**Work task**
The records below need to come back exactly as they are, pictures omitted.

(Records from a data collection)
((

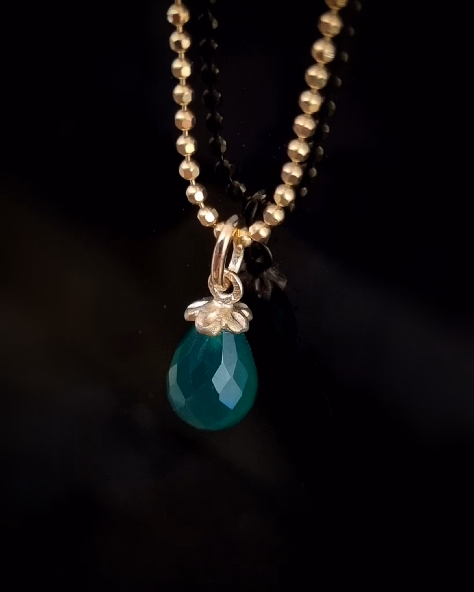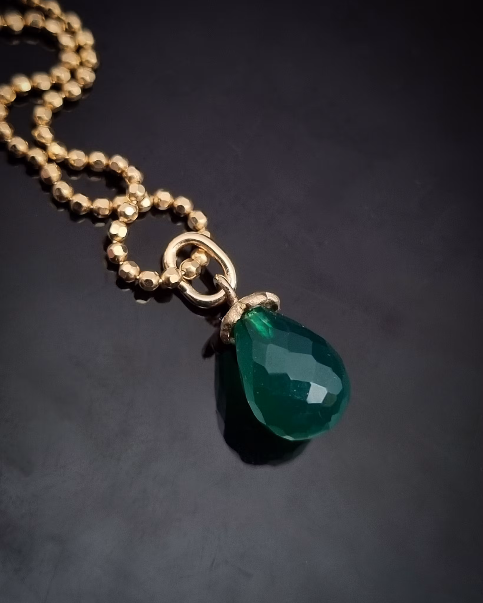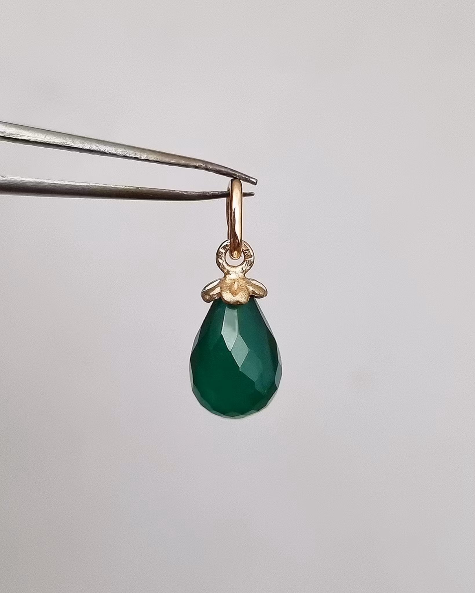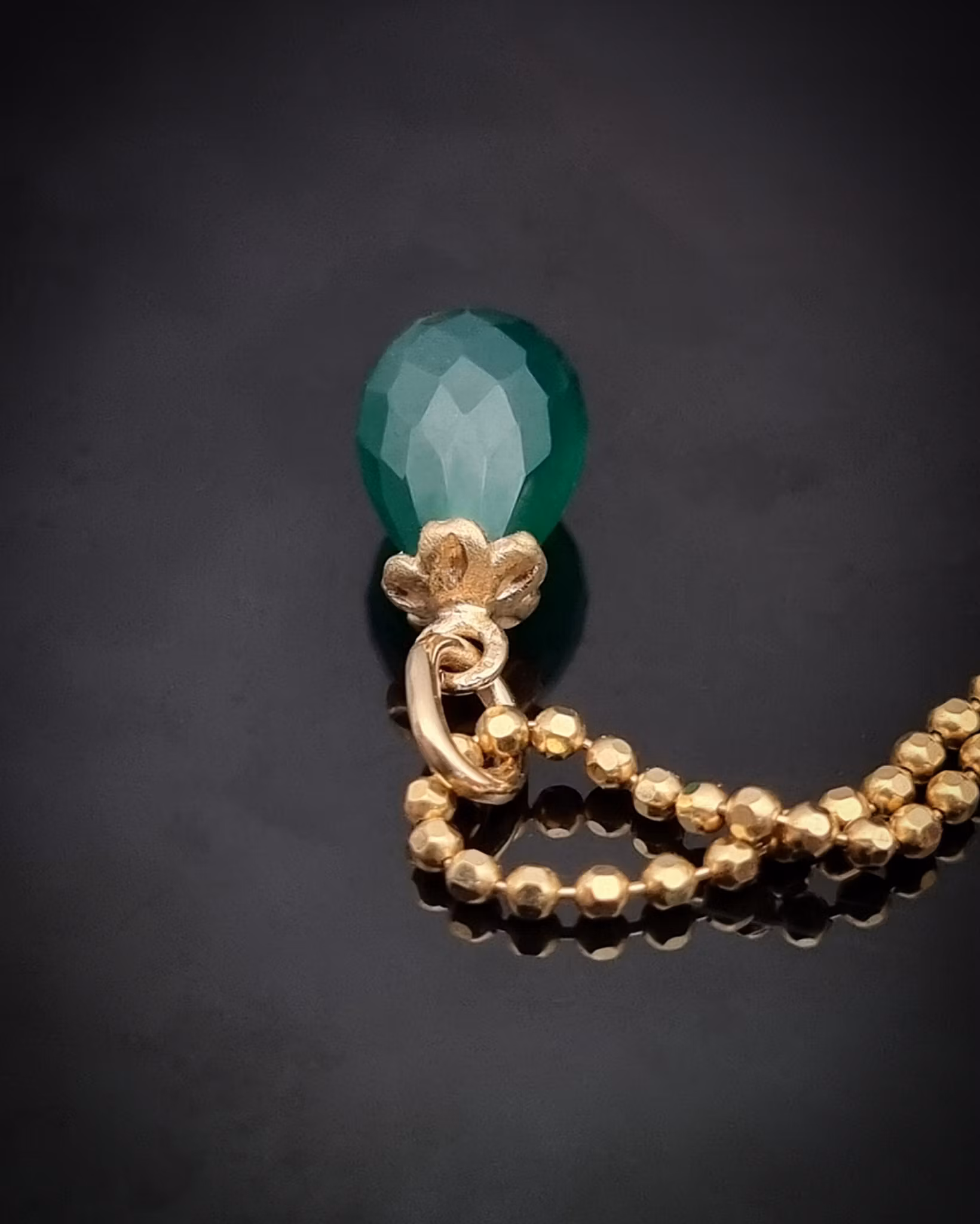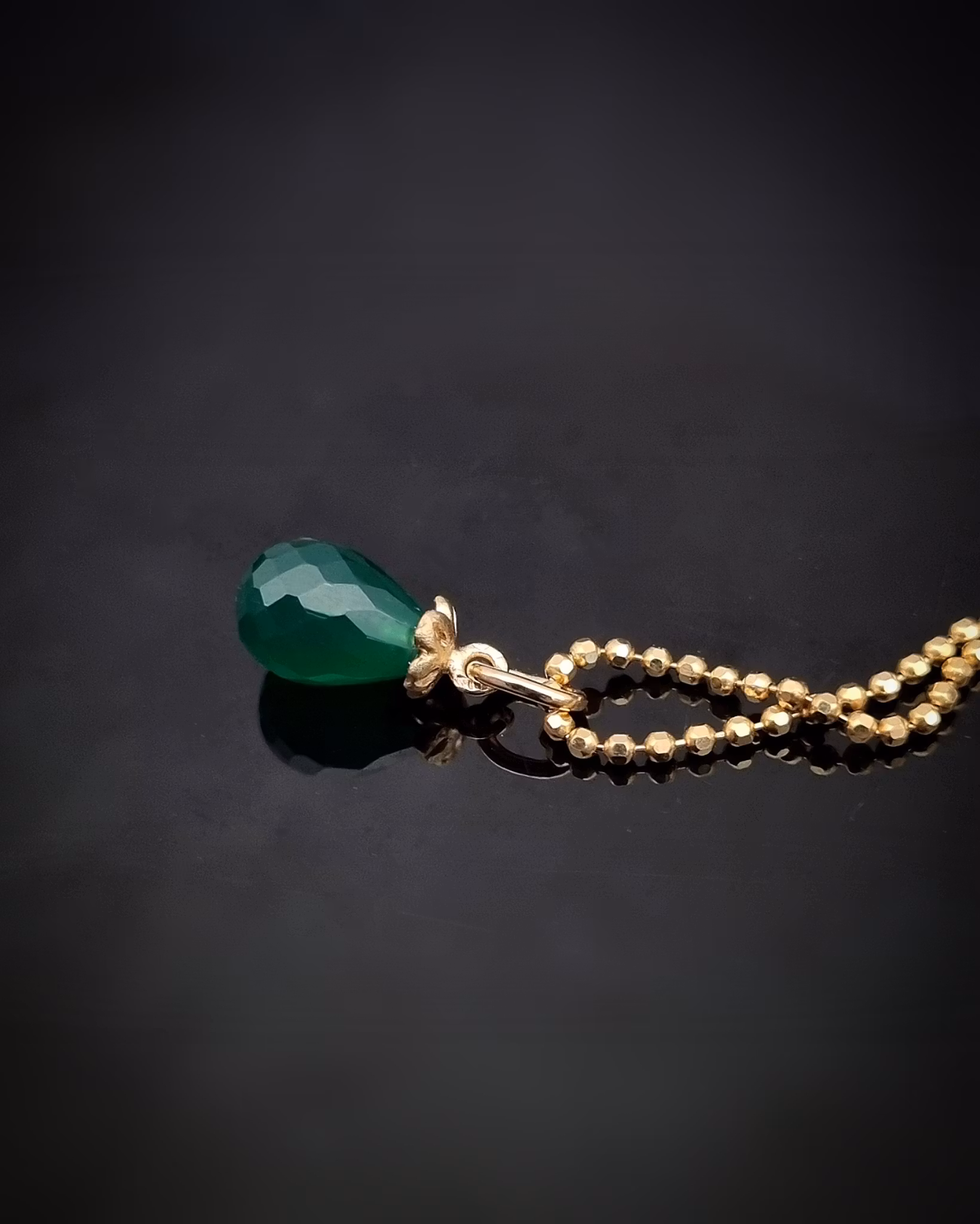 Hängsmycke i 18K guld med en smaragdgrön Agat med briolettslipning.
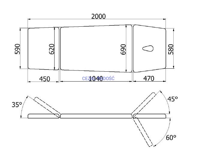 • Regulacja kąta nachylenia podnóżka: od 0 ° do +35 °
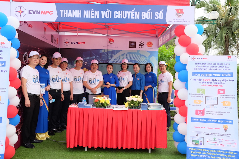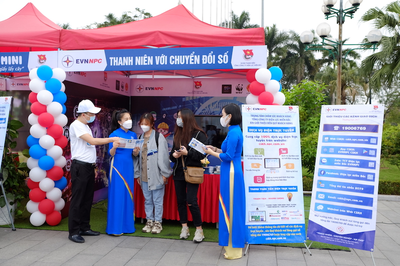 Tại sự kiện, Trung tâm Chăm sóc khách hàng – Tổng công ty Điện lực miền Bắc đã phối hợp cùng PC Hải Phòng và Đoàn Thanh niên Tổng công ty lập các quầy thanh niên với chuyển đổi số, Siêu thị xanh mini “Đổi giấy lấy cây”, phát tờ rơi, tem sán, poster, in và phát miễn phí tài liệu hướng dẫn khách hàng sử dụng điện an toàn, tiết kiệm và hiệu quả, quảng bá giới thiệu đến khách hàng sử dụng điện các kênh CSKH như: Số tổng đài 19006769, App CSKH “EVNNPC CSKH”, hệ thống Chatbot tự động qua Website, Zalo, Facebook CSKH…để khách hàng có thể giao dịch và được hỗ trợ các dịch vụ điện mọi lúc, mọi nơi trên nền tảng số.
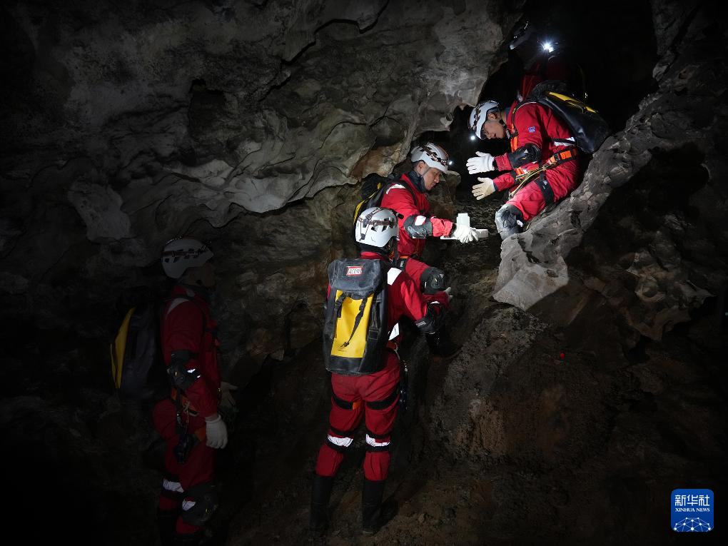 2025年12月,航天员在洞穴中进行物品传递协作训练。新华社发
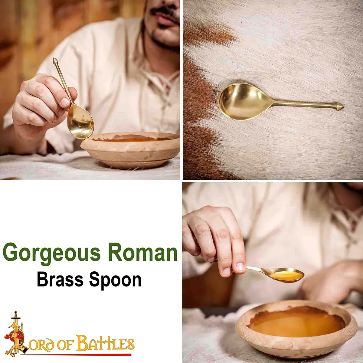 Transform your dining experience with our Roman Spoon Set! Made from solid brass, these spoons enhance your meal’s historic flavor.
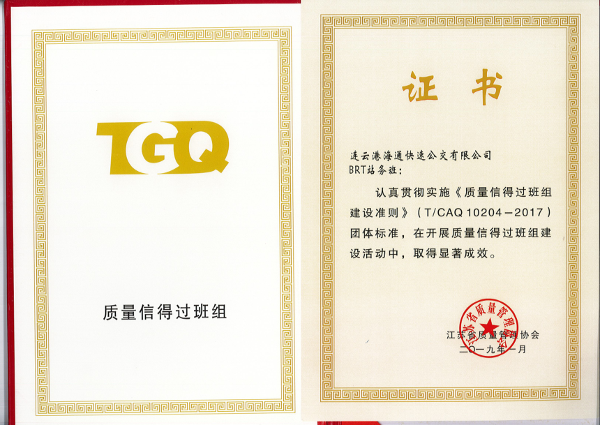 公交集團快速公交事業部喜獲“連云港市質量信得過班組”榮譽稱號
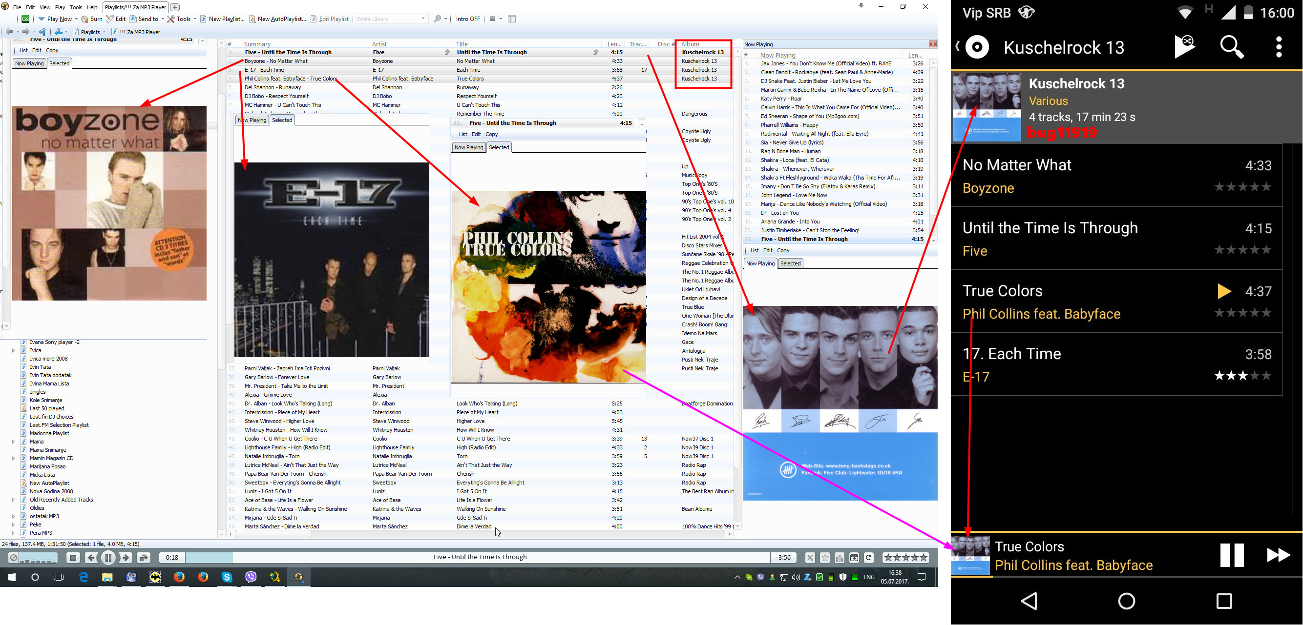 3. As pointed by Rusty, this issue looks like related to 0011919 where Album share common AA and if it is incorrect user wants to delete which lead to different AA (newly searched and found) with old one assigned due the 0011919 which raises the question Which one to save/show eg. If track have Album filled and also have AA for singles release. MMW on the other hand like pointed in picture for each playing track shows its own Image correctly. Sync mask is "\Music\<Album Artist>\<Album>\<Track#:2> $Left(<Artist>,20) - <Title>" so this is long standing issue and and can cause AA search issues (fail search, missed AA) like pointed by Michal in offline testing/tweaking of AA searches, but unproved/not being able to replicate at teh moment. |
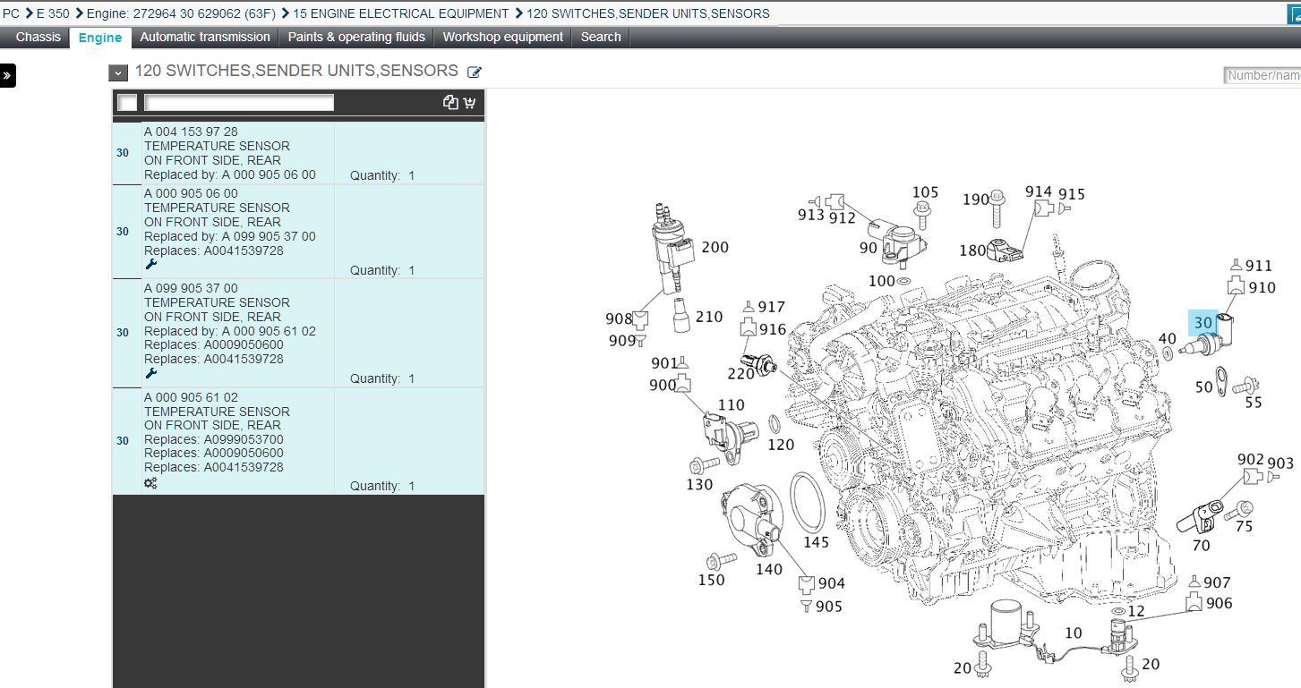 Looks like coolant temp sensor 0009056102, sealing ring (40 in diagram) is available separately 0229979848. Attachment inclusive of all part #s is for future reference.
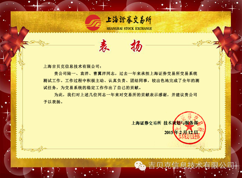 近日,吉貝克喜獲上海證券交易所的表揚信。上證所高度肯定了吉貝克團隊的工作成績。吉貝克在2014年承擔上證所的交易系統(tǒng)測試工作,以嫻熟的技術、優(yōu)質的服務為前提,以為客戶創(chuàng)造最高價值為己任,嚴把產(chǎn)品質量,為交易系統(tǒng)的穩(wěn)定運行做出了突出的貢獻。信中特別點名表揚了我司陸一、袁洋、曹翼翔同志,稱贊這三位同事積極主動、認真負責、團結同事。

))

**Answer section**
 Hängsmycke i 18K guld med en smaragdgrön Agat med briolettslipning.
 • Regulacja kąta nachylenia podnóżka: od 0 ° do +35 °
 Tại sự kiện, Trung tâm Chăm sóc khách hàng – Tổng công ty Điện lực miền Bắc đã phối hợp cùng PC Hải Phòng và Đoàn Thanh niên Tổng công ty lập các quầy thanh niên với chuyển đổi số, Siêu thị xanh mini “Đổi giấy lấy cây”, phát tờ rơi, tem sán, poster, in và phát miễn phí tài liệu hướng dẫn khách hàng sử dụng điện an toàn, tiết kiệm và hiệu quả, quảng bá giới thiệu đến khách hàng sử dụng điện các kênh CSKH như: Số tổng đài 19006769, App CSKH “EVNNPC CSKH”, hệ thống Chatbot tự động qua Website, Zalo, Facebook CSKH…để khách hàng có thể giao dịch và được hỗ trợ các dịch vụ điện mọi lúc, mọi nơi trên nền tảng số.
 2025年12月,航天员在洞穴中进行物品传递协作训练。新华社发
 Transform your dining experience with our Roman Spoon Set! Made from solid brass, these spoons enhance your meal’s historic flavor.
 公交集團快速公交事業部喜獲“連云港市質量信得過班組”榮譽稱號
 3. As pointed by Rusty, this issue looks like related to 0011919 where Album share common AA and if it is incorrect user wants to delete which lead to different AA (newly searched and found) with old one assigned due the 0011919 which raises the question Which one to save/show eg. If track have Album filled and also have AA for singles release. MMW on the other hand like pointed in picture for each playing track shows its own Image correctly. Sync mask is "\Music\<Album Artist>\<Album>\<Track#:2> $Left(<Artist>,20) - <Title>" so this is long standing issue and and can cause AA search issues (fail search, missed AA) like pointed by Michal in offline testing/tweaking of AA searches, but unproved/not being able to replicate at teh moment. |
 Looks like coolant temp sensor 0009056102, sealing ring (40 in diagram) is available separately 0229979848. Attachment inclusive of all part #s is for future reference.
 近日,吉貝克喜獲上海證券交易所的表揚信。上證所高度肯定了吉貝克團隊的工作成績。吉貝克在2014年承擔上證所的交易系統(tǒng)測試工作,以嫻熟的技術、優(yōu)質的服務為前提,以為客戶創(chuàng)造最高價值為己任,嚴把產(chǎn)品質量,為交易系統(tǒng)的穩(wěn)定運行做出了突出的貢獻。信中特別點名表揚了我司陸一、袁洋、曹翼翔同志,稱贊這三位同事積極主動、認真負責、團結同事。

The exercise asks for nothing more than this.